> _Your task_: Give back exactly the lines of the material below that start at the one holding "Bluetooth Alerter is" and end at the last line, minus the pictures.

> _Information shown_:

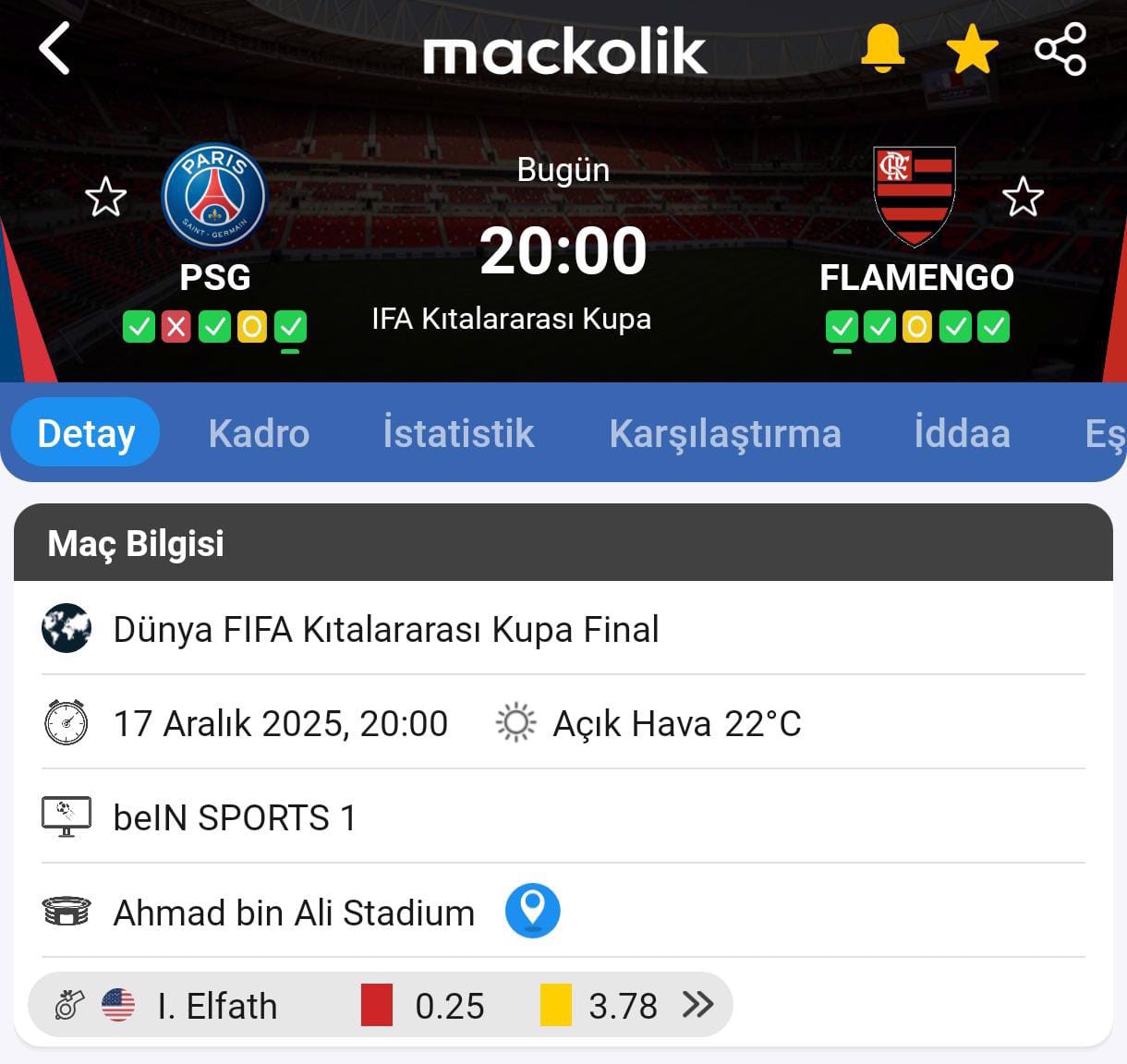 Final öncesinde Doha'da konuşan PSG Teknik Direktörü Luis Enrique, "Geçen sezon gördüklerimizin üzerine koymaya odaklanıyorum. Tarih yazmak geçen sezonun hedefiydi ve bunu sürdürmek istiyoruz. Her final farklıdır. Flamengo çok iyi bir takım ve zorlu, dengeli bir final olacak" ifadelerini kullandı.
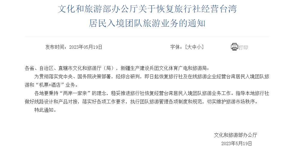 文旅部19日发布关于恢复旅行社经营台湾居民入境团队旅游业务的通知。
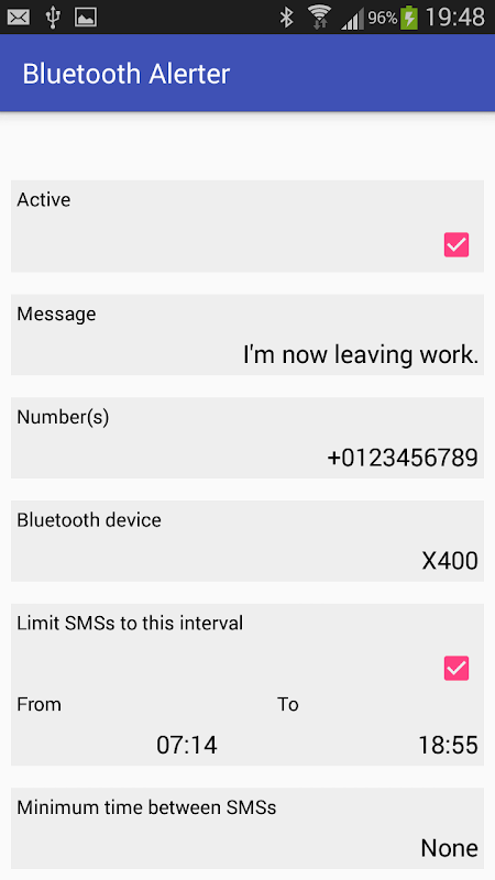Bluetooth Alerter is an app that will send a message (SMS) when your device connects to a selected bluetooth device.
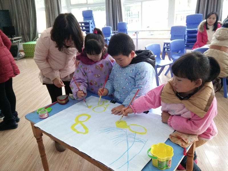 本学期,周蓉老师的中班幼儿美术活动经过多次教学研究及调整,将活动名称《小鸭过桥》修改为《快乐的小鸭》,经过反复的试上研讨,将单一的添画改为水粉绘画加上添画小鸭的嘴巴和脚,将单独作画调整为小组合作,教学环节更为精简、生动,孩子们笔下的小鸭也更加栩栩如生,展现出活灵活现的各种姿态。

> _Completed task_:
Bluetooth Alerter is an app that will send a message (SMS) when your device connects to a selected bluetooth device.
 本学期,周蓉老师的中班幼儿美术活动经过多次教学研究及调整,将活动名称《小鸭过桥》修改为《快乐的小鸭》,经过反复的试上研讨,将单一的添画改为水粉绘画加上添画小鸭的嘴巴和脚,将单独作画调整为小组合作,教学环节更为精简、生动,孩子们笔下的小鸭也更加栩栩如生,展现出活灵活现的各种姿态。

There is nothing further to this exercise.